From an increasingly young age, more and more students are enrolling in Jefferson admission test classes, as well as classes specializing in the education of talented youths.

Anjali Khanna, Features Editor

Many members of the student body at Jefferson are driven by their parents. In fact, they have been since their youth. Every year, the accepted freshman class at the school enters their education at Jefferson with more and more background in gifted youth educational programs, having spent their summers in talented youth camps and test preparation camps since elementary school.

However, how much of this over-preparation for high school and college is beneficial to young children? Do Centers for Talented Youth (CTY) and Fairfax County’s Advanced Academic Program (AAP) actually play a role in student success past college? In an article published by the Washington Post, education columnist Jay Mathews claims that implementing a program for “gifted” students, especially at the elementary school level, doesn’t necessarily mean that students in those programs are going to be successful after college. So why are parents becoming increasingly concerned about getting their kids into AAP?

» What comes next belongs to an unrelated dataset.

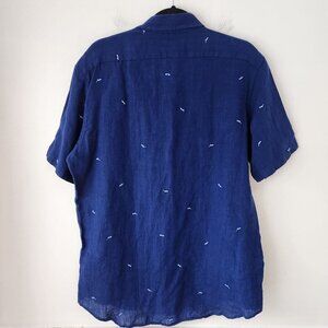 Michael Kors 100% Linen Slim Fit Button Down Shirt Sunglasses Print L
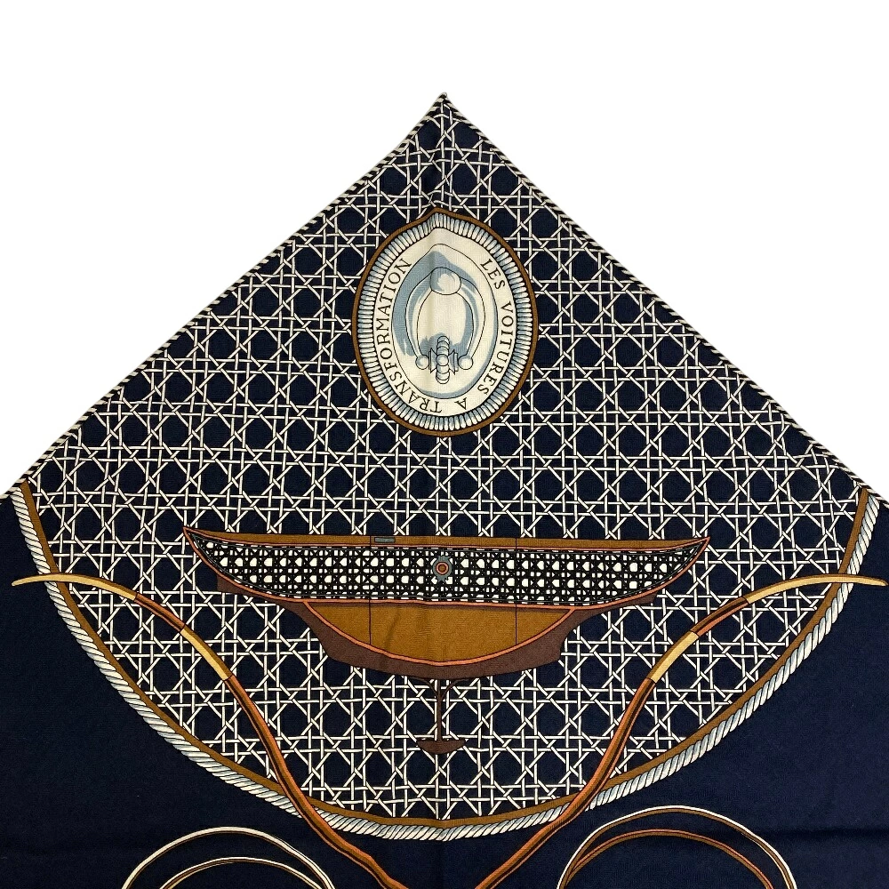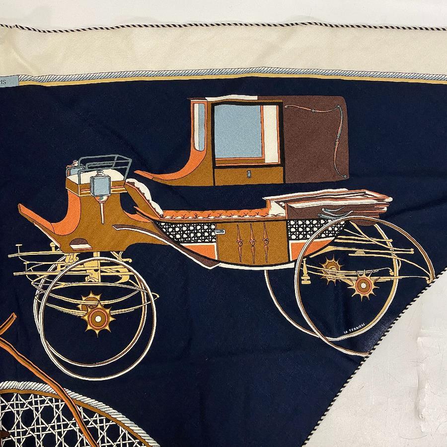 | 商品名 | HERMES/エルメス トライアングルジェアンLES VOITURES TRANSFORMATION 折り畳み式幌馬車 スカーフ ブラック |

A student must be self-driven to be successful. An advanced course or CTY summer program can only offer them the resources they need to be inspired to work on their own. An AAP class cannot, and will not, determine whether or not young children will get into the college of their parent’s dreams. According to Mathews, there is currently no evidence that proves success rates for students in AAP courses are greater than those who were not accepted into schools with AAP or talented youth programs.

This means that if, for example, a student perhaps just missed the cutoff for the Jefferson acceptance qualifying test, they still would be able to achieve the same success as a Jefferson student after college, if they were self motivated to earn it. Even though this may be true, high school level gifted programs have more of an impact on the student than those at the elementary school level or below, simply because students at the high school level are less influenced by their parents, and more self-driven to study and do well on their own.

So why don’t families just place primary focus on getting their kids into high school-level magnet programs like Jefferson? Unfortunately most high school level programs accept students based on involvement and performance in elementary school programs like CTY and AAP, which are seen as the fundamentals, especially to an application for Jefferson. In Davis Guggenheim’s educational documentary, “Waiting For Superman,” he addresses this growing gap between youths in the Gifted and Talented program and those who are not.

He notes that students in the United States are placed in a tracking system, in which the brightest of each gifted program are pulled up into similar programs at higher levels, eventually reaching college age and later into their profession. He also comments on what happens to those who are not accepted into the exclusive program from a young age, left on their own to become the lower-income workforce in the United States. In some cases, they are not given teacher attention, resources, or even the materials needed to learn the basics to pass high school. The worst of it, however, is what the system does to their attitude and motivation towards school.

Most students in gifted programs today are self driven because they have been taught to be, while their peers in lower ranked schools and programs must work harder to achieve the same goals and find their self-motivation for success. Mathews may claim there is not yet enough data to determine if gifted and talented programs affect student success. However, what he does not realize is that any student can be successful if they choose to be, yet it is students who have been trained from a young age to think in this manner who have the easiest time.